== Segment start ==

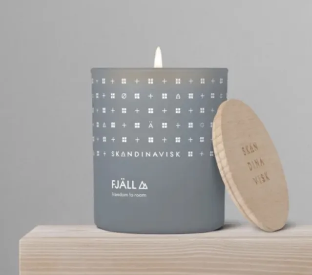 Duftlyset FJÄLL med duftnoter av lyng og timian, malte bær og blader – sprer lyset diskret og en gir en deilig duft i hjemmet mens det pynter opp i interiøret !
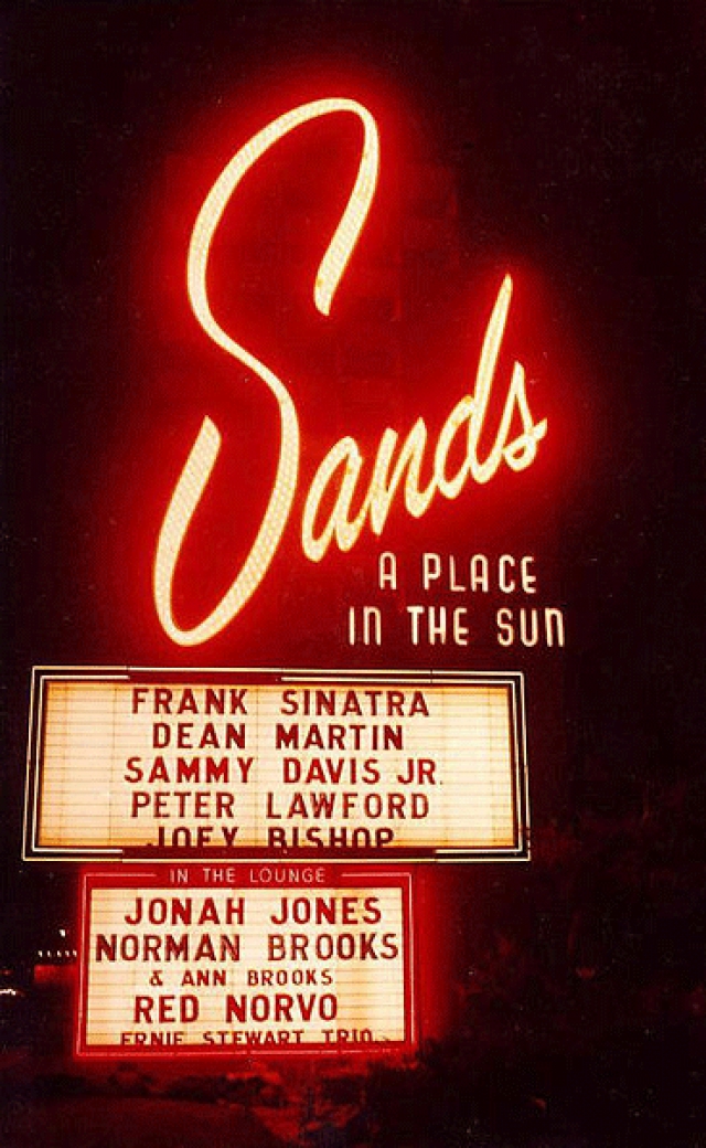 The modern Sands logo is not the one used by the original hotel, however, which was also subtitled, "A Place in the Sun." From what we were able to ascertain from our copious digital digging, the last time the logo from the 1952 original was purchased was by Greate Bay Hotel and Casino, Inc. Corporation of New Jersey, back in March 2003. The company abandoned the branded Sands logo trademark a couple of years later, in January 2005, so it looks like it may be up for grabs again.
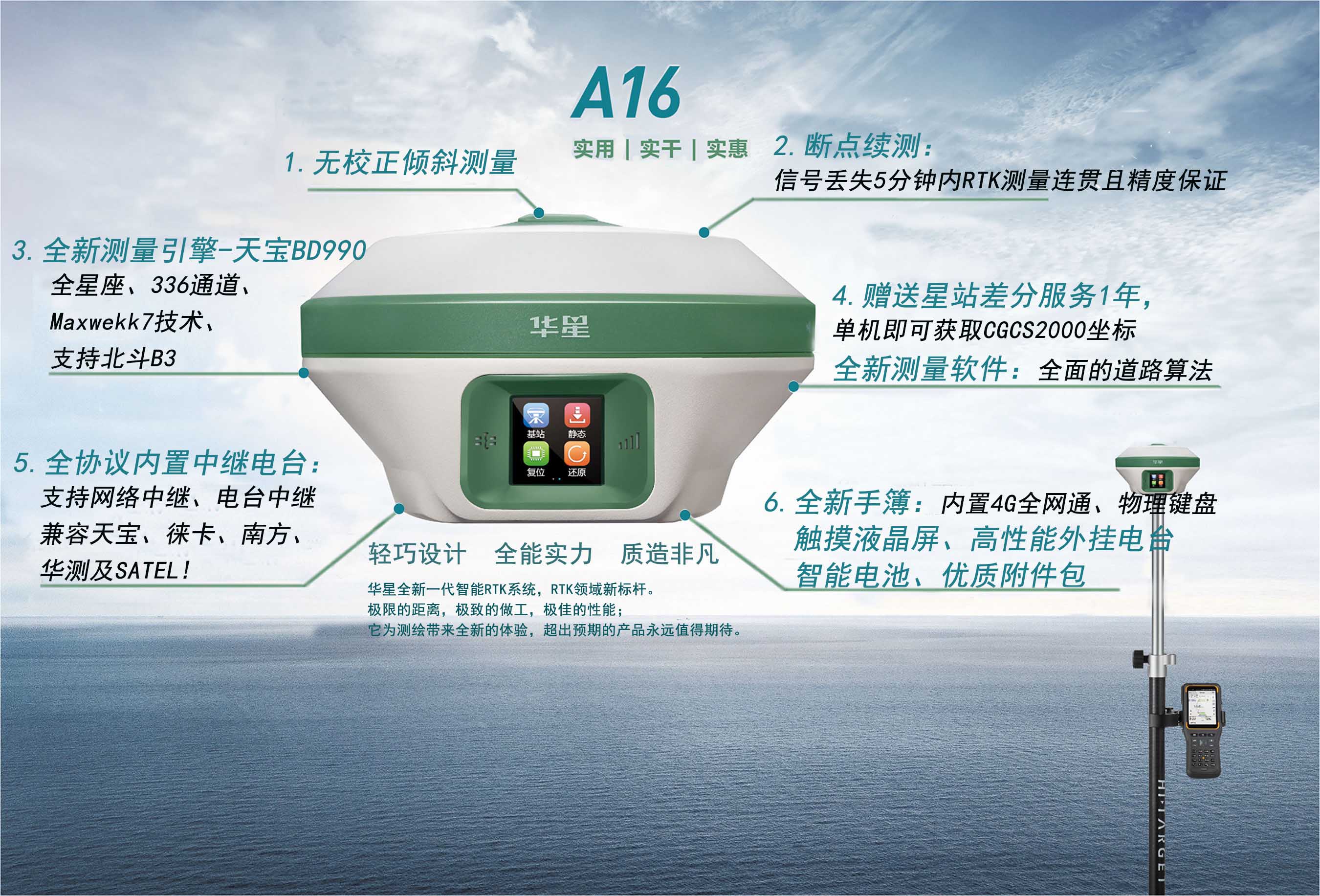◇ 新一代小型智能RTK,配新一代登录入口引擎BD990,提供智能测绘整体解决方案;
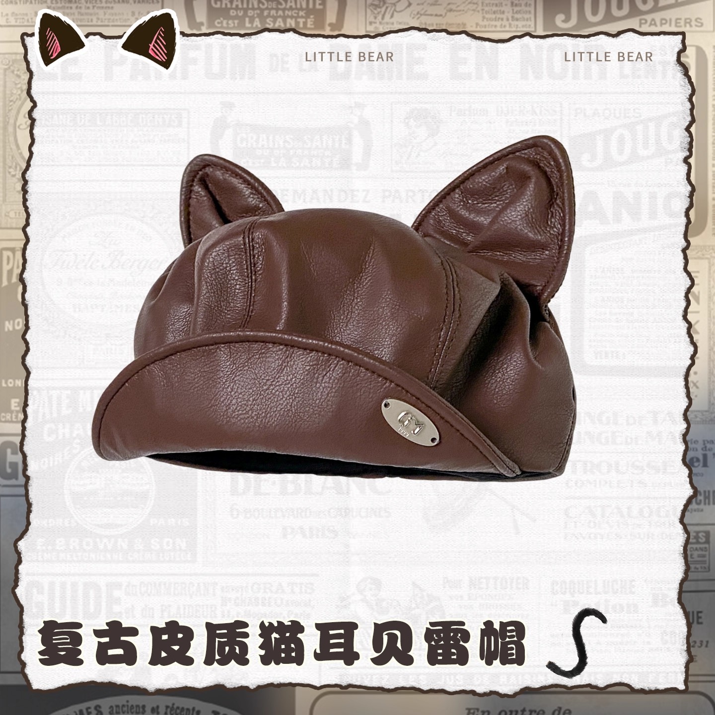 pu皮质可爱猫耳朵贝雷帽女春秋显脸小黑色八角帽复古报童画家帽子
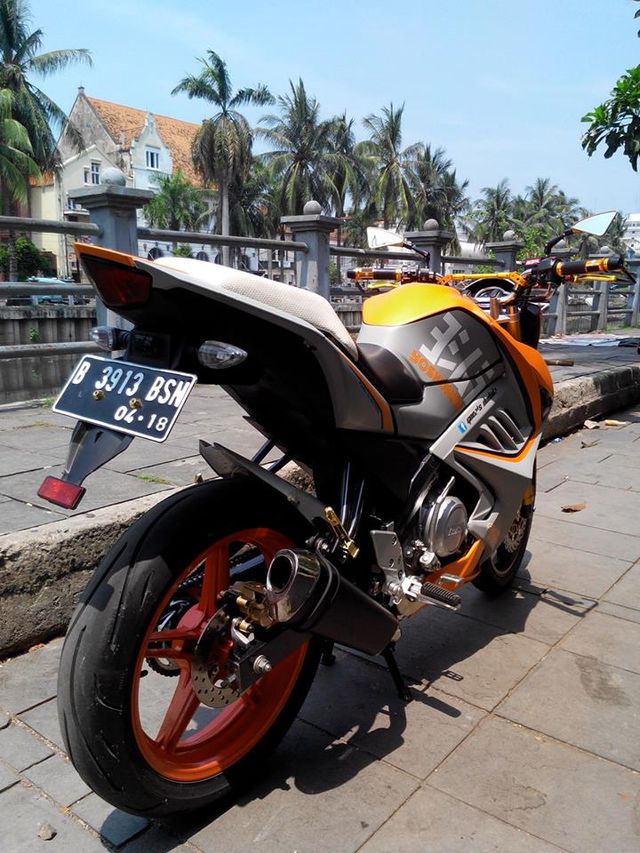 Modifikasi Yamaha New Vixion simpel namun tampil berbeda, dengan sedikit penambahan part tampilan motor ini sudah semakin sporty. Kemudian ditambah dengan permainan warna carah menjadikan tampilan semakin mentereng.
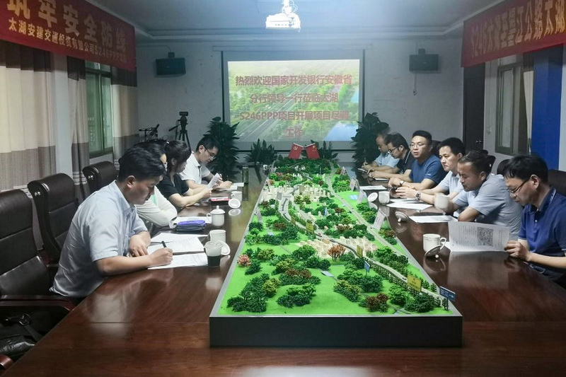 6月10日下午,國家開發銀行安徽省分行客戶六處處長申曉瑜一行赴太湖S246PPP項目現場就該項目融資工作進行洽談磋商,投資公司副總經理黃國平、財務總監王繼成及項目公司相關人員參與洽談。

== Segment end ==

Please return all of the entries word for word, excluding the pictures.

§ **ANSWER TO THE PROBLEM**
 Duftlyset FJÄLL med duftnoter av lyng og timian, malte bær og blader – sprer lyset diskret og en gir en deilig duft i hjemmet mens det pynter opp i interiøret !
 The modern Sands logo is not the one used by the original hotel, however, which was also subtitled, "A Place in the Sun." From what we were able to ascertain from our copious digital digging, the last time the logo from the 1952 original was purchased was by Greate Bay Hotel and Casino, Inc. Corporation of New Jersey, back in March 2003. The company abandoned the branded Sands logo trademark a couple of years later, in January 2005, so it looks like it may be up for grabs again.
◇ 新一代小型智能RTK,配新一代登录入口引擎BD990,提供智能测绘整体解决方案;
 pu皮质可爱猫耳朵贝雷帽女春秋显脸小黑色八角帽复古报童画家帽子
 Modifikasi Yamaha New Vixion simpel namun tampil berbeda, dengan sedikit penambahan part tampilan motor ini sudah semakin sporty. Kemudian ditambah dengan permainan warna carah menjadikan tampilan semakin mentereng.
 6月10日下午,國家開發銀行安徽省分行客戶六處處長申曉瑜一行赴太湖S246PPP項目現場就該項目融資工作進行洽談磋商,投資公司副總經理黃國平、財務總監王繼成及項目公司相關人員參與洽談。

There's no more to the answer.